### [Records]
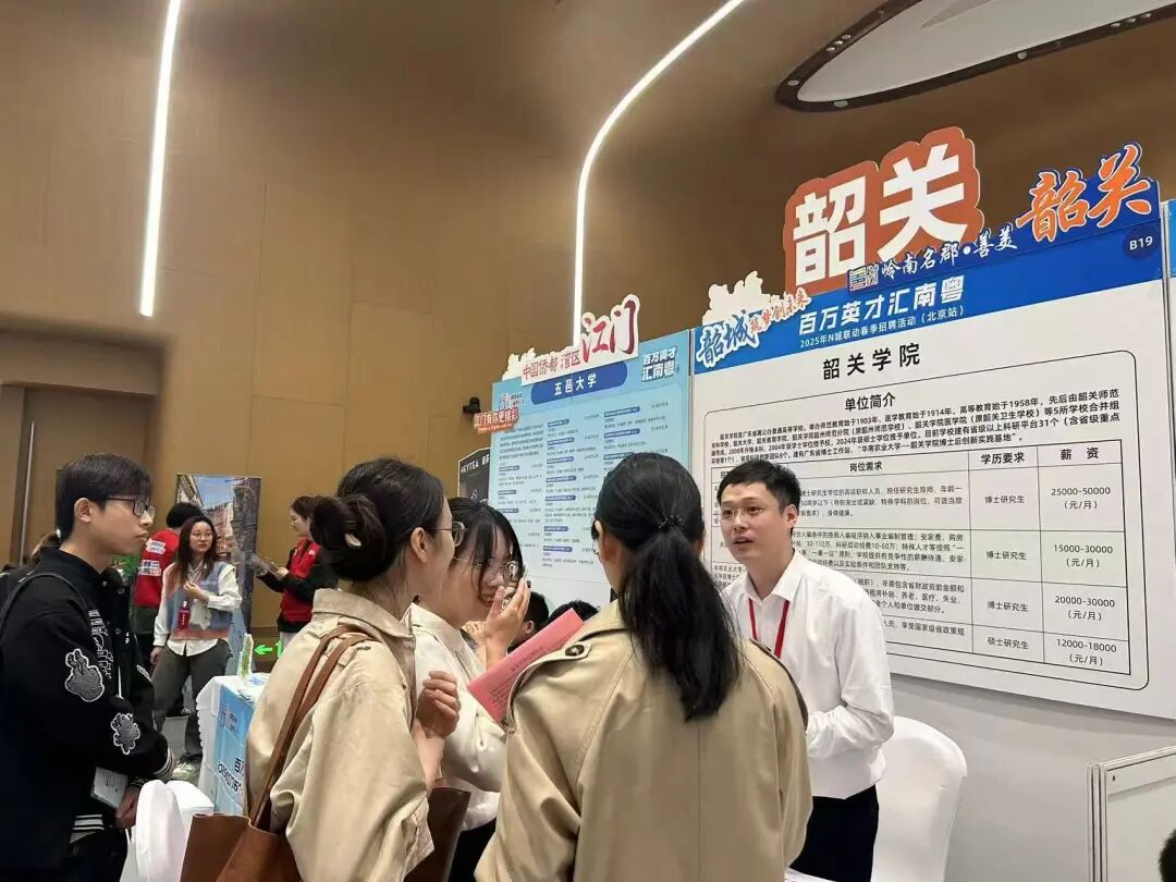 4月19日-20日,“百万英才汇南粤”2025年N城联动春季招聘活动在北京中关村国际创新中心、杭州国际博览中心、武汉洪山体育馆举行。我市积极参与其中,组织企事业单位赴三地招聘,凭借良好的发展环境、丰富的岗位资源、以及优厚的人才政策,吸引众多求职者关注,现场共收到近千份简历。
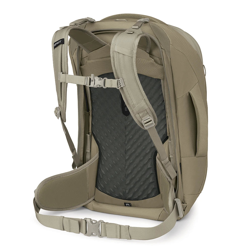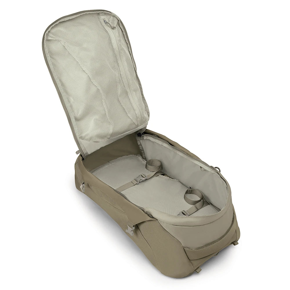 Osprey’s Fairview-lijn is afgestemd op een vrouwenlichaam: schouderbanden en heupgordel sluiten slanker aan en de ruglengte past beter bij kortere torso’s. Het frame en de heupgordel helpen het gewicht van je schouders naar je heupen te verplaatsen, wat vooral merkbaar is als je langere stukken loopt tussen station, hostel en luchthaven. Handig detail: het draagstel kun je wegwerken achter een ritsflap, zodat bandjes niet blijven haken tijdens transport.
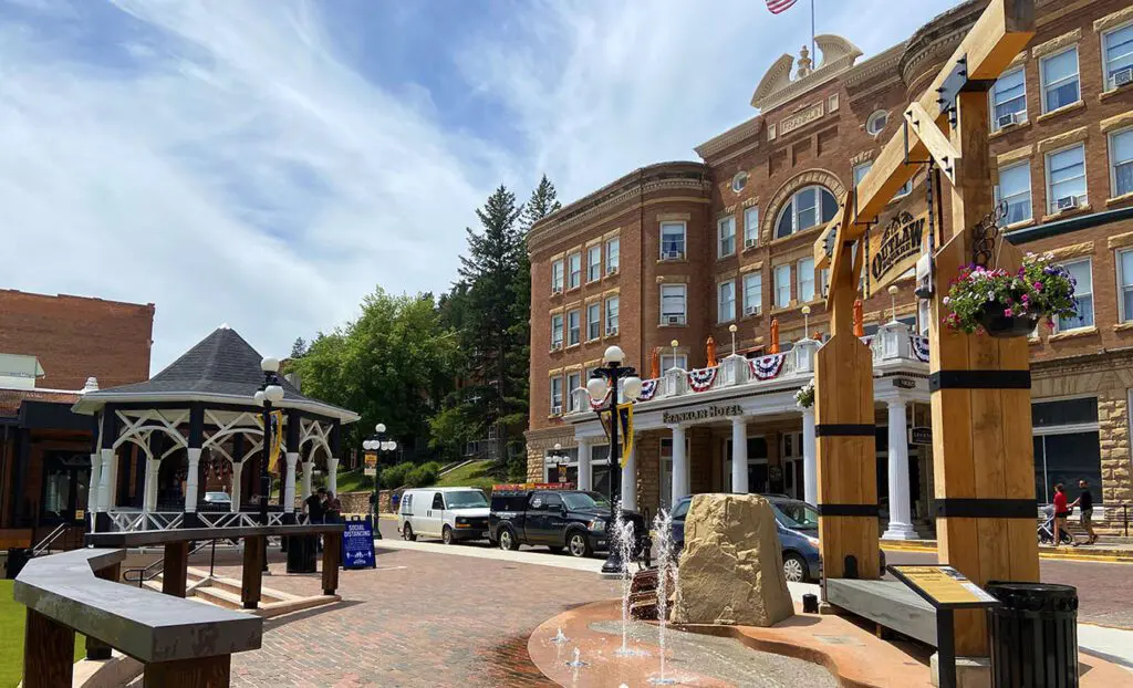 The City of Deadwood has built a new town square to bolster its entertainment venues and give families more activity options while visiting the historic City. The Square features a large stage built with heavy timbers to handle major acts. Fronting Main Street is a historic-replica gazebo that is an architectural recreation of the original meeting place for townspeople. A water feature utilizes an 1890’s spigot and the Main Street entrance is framed by gallows poles. A 4,000sf engineered synthetic Ice, Glice®,skating rink can be used during any season. When the skating rink is not in use, visitors can gather on a synthetic turf lawn to relax and enjoy entertainment. 12,205 Reclaimed pavers from Deadwood Street were used as hardscape and a Historic Opera House stacked stone foundation wall was preserved for display.
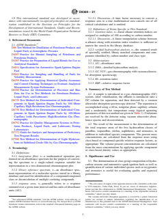 SIGNIFICANCE AND USE 5.1 The determination of class group composition of hydrocarbon streams and automotive spark-ignition fuels as well as quantification of various individual species such as oxygenates and aromatics is useful for evaluating quality and expected performance. SCOPE 1.1 This test method covers the use of gas chromatography and vacuum ultraviolet absorption spectroscopy (GC-VUV) for the determination of individual compounds and compound classes by percent mass or percent volume with a final boiling point as defined by Test Method D86 up to 225 °C. 1.1.1 Typical products encountered in petroleum refining or biofuel operations, such as blend stocks; naphthas, reformates, alkylates, FCC gasoline, liquefied petroleum gas (LPG), alcohols and ethers may be analyzed. 1.1.2 Spark-ignition engine fuels including those with commonly blended oxygenates may also be analyzed. 1.2 Individual compounds are spectrally verified and speciated. Compounds that are not spectrally verified and speciated are identified by carbon number, based on retention index, and by class type, based on spectral response. The resulting verified hydrocarbon analysis therefore identifies, classifies, and reports 100 % of the spectral responses. 1.2.1 This test method may not be applicable to all concentrations of individual hydrocarbons; the user must evaluate the spectral response of the hydrocarbon of interest, the amount and proximity of co-eluting hydrocarbons, and detector saturation. Quantitation of individual hydrocarbons with concentrations less than 0.1 % or greater than 30 % by mass may require validation. 1.2.2 This test method can be used to determine methanol in the range of 0.05 % to 3 % by mass, ethanol in the range of 0.05 % to 25 % by mass, butanols in the range of 0.5 % to 10 % by mass, methyl t-butyl ether (MTBE) in the range of 0.5 % to 22 % by mass, ethyl t-butyl ether (ETBE) in the range of 0.5 % to 22 % by mass, and t-amyl methyl ether (TAME) in the range of 0.5 % to 22 % by mass in spark-ignition engine fuels. Note 1: Applicable ranges of individual components and precision will ultimately be defined by an interlaboratory study. 1.2.3 Other compounds containing oxygen, sulfur, nitrogen, and so forth, may also be present, and may co-elute with the hydrocarbons. If determination of other specific compounds is required, supplementation of the spectral library may be necessary. 1.3 Class-type composition – paraffins, iso-paraffins, olefins, naphthenes, aromatics and oxygenates are reported. The class composition totals are the sum of speciated individual compounds and spectrally classed compounds. 1.3.1 The class types may optionally be sub classed by carbon number. 1.3.2 Olefins may optionally be sub classed into mono-olefins, non-conjugated diolefins, conjugated diolefins, and cyclic olefins. 1.3.3 Aromatics may optionally be sub classed into mono-aromatics, diaromatics, and naphtheno-aromatics (indans and indenes). Note 2: Interim precision for optional sub class reporting is not determined. 1.4 Individual compounds may not be baseline-separated by the procedure described in this method; that is, some compounds will coelute. The coelutions are resolved at the detector using VUV absorbance spectra and deconvolution algorithms. 1.5 This test method is intended as a type of detailed hydrocarbon analysis (DHA). Incorporation of the GC-VUV data report into commercial DHA software packages with subsequent physical and chemical property calculations and correlations is the responsibility of the DHA software vendor. 1.6 Temporary precision has been determined on a limited subset of samples and compounds given in Table 6 and Table 7. 1.7 Units—The values stated in SI units are to be regarded as standard. No other units of measurement are included in this standard. 1.8 This standard does not purport to address all of the safety concerns, if any, associated with its use. It ...
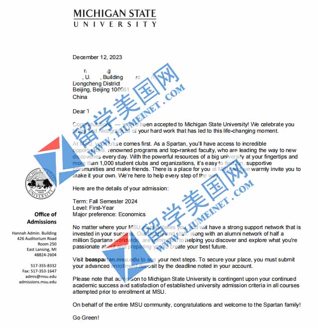 【录取喜报】恭喜留美网T同学斩获密歇根州立大学录取offer
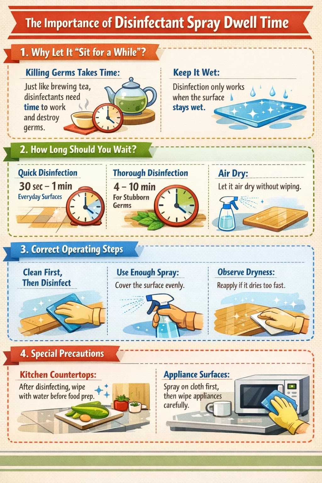 Nuair a úsáid spraeála dífhabhtán , Is é an ghné is éasca a overlooked an "am feithimh." Tá go leor daoine i dtaithí ar spraeáil agus glanadh láithreach, ach ní ghlanann sé seo ach an dromchla agus ní dhéantar díghalrú fíor a bhaint amach.
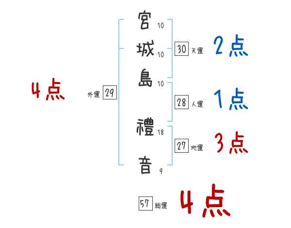 家系が持つ宿命的な運勢を表します。祖先から受け継いだ苗字ですので自分の力が及びません。家柄を象徴します。
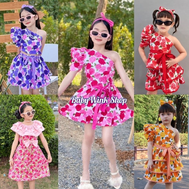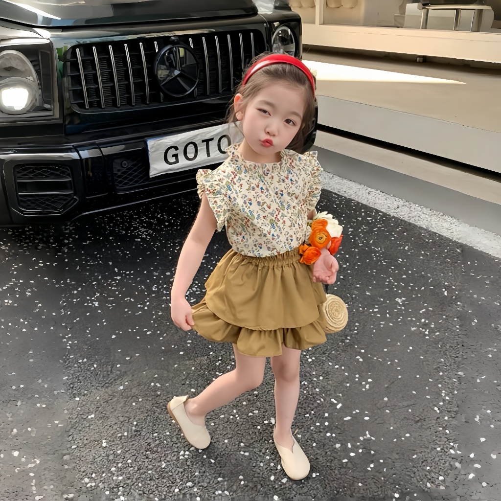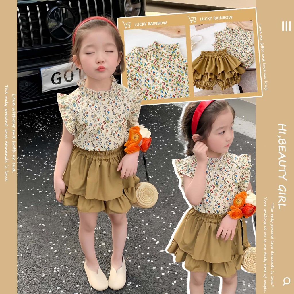 Lucky Rainbow ชุดเซ็ทกระโปรงเด็กผู้หญิงมาใหม่ ชุดเซ็ทเด็กผู้หญิง เสื้อ+กระโปรงกางเกง ชุดสำหรับเด็กผู้หญิง 2-12 ปี
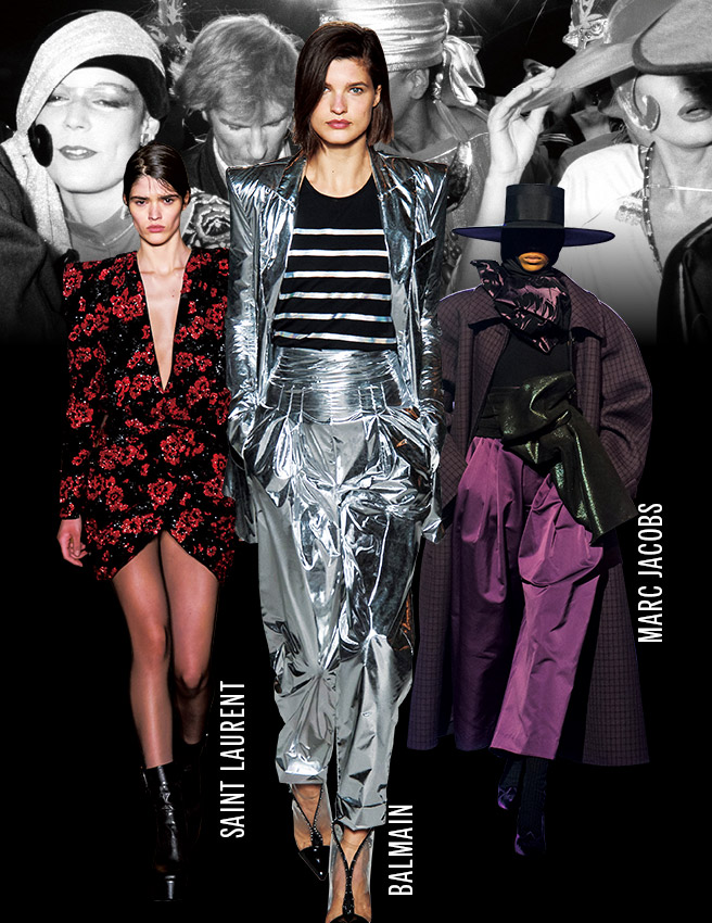 쾌락과 향략의 시기, 80년대 코드가 2018년 밀레니얼 시대의 뉴 레트로로 부각되고 있다. 단순히 대디 코어 실루엣을 넘어, 더욱더 크고 대담한 쿠튀르 터치가 가미된 파워 실루엣이 강세다. 특히 80년대를 수놓은 클로드 몬태너의 구조적이면서 조형적인 실루엣과 더불어 셰어나 티나 터너의 무대 의상을 연상시킬 만큼 눈부시게 반짝이는 주얼 장식, 볼드한 컬러와 장식적인 기교들이 믹스돼 한층 더 파워플한 무드를 완성! 몬태너를 오마주한 듯 완벽하게 재현한 마크 제이콥스를 비롯해 눈부신 글램 스타일을 화려하게 치장한 올리비에 루스테잉의 발망, 언제나 새로운 트렌드를 제시하는 발렌시아가까지 슈퍼 디자이너들은 문화 전성기 시대, 80년대를 향한 향수를 맘껏 표현하고 있다.
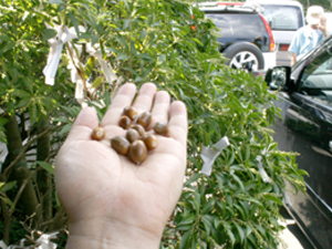 | 風の舎前にどんぐりの木があり、風が吹くと一気に落ちてきて車にあたると小石があたっているような音がします。運転手のみなさんは「何!」という顔をされてました。(^o^;) | 館横に赤い可愛い実がなっている木を見つけました。たまには上も向いてみるものですね♪ | ||||||
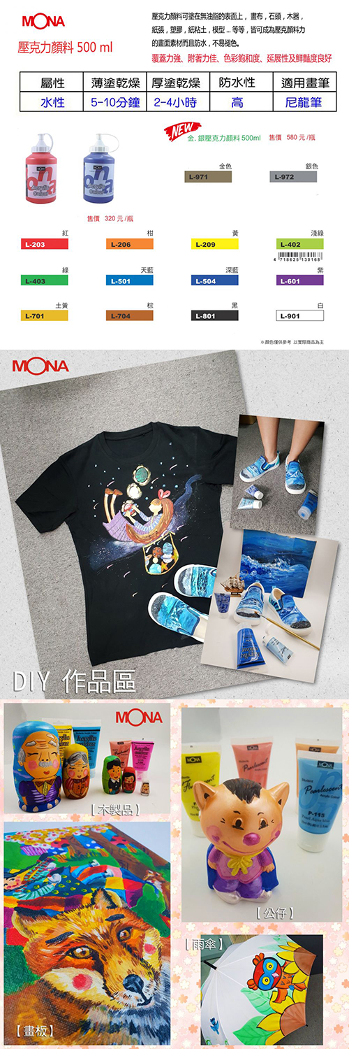 * 覆蓋力強、附著力佳、色彩飽和度、延展性及鮮豔度良好* 可塗於無油脂的表面上.如石頭、畫布、木器、塑膠、紙張、紙粘土、模型...等.所有想的到的材質上* 簡單方便無毒.乾後不溶於水也不褪色,龜裂等特性。
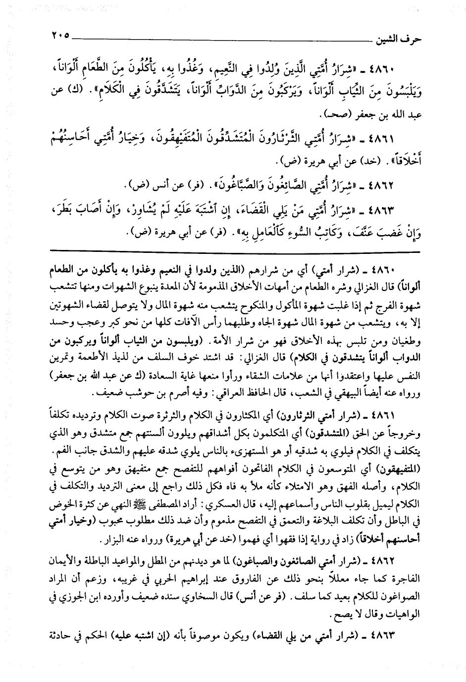4862 - (شرار أمتي الصائغون والصباغون) لما هو ديدنهم من المطل والمواعيد الباطلة والأيمان الفاجرة كما جاء معللا بنحو ذلك عن الفاروق عند إبراهيم الحربي في غريبه وزعم أن المراد الصواغون للكلام بعيد كما سلف.

### [What you are asked to do]
Everything from the line with "館横に赤い可愛い実がなっている木を見つけました。たまには上も向いてみるものですね♪ | ||||||" through the last line above should be reproduced exactly, both ends included; pictures must be omitted.

### [Response box]
 | 風の舎前にどんぐりの木があり、風が吹くと一気に落ちてきて車にあたると小石があたっているような音がします。運転手のみなさんは「何!」という顔をされてました。(^o^;) | 館横に赤い可愛い実がなっている木を見つけました。たまには上も向いてみるものですね♪ | ||||||
 * 覆蓋力強、附著力佳、色彩飽和度、延展性及鮮豔度良好* 可塗於無油脂的表面上.如石頭、畫布、木器、塑膠、紙張、紙粘土、模型...等.所有想的到的材質上* 簡單方便無毒.乾後不溶於水也不褪色,龜裂等特性。
4862 - (شرار أمتي الصائغون والصباغون) لما هو ديدنهم من المطل والمواعيد الباطلة والأيمان الفاجرة كما جاء معللا بنحو ذلك عن الفاروق عند إبراهيم الحربي في غريبه وزعم أن المراد الصواغون للكلام بعيد كما سلف.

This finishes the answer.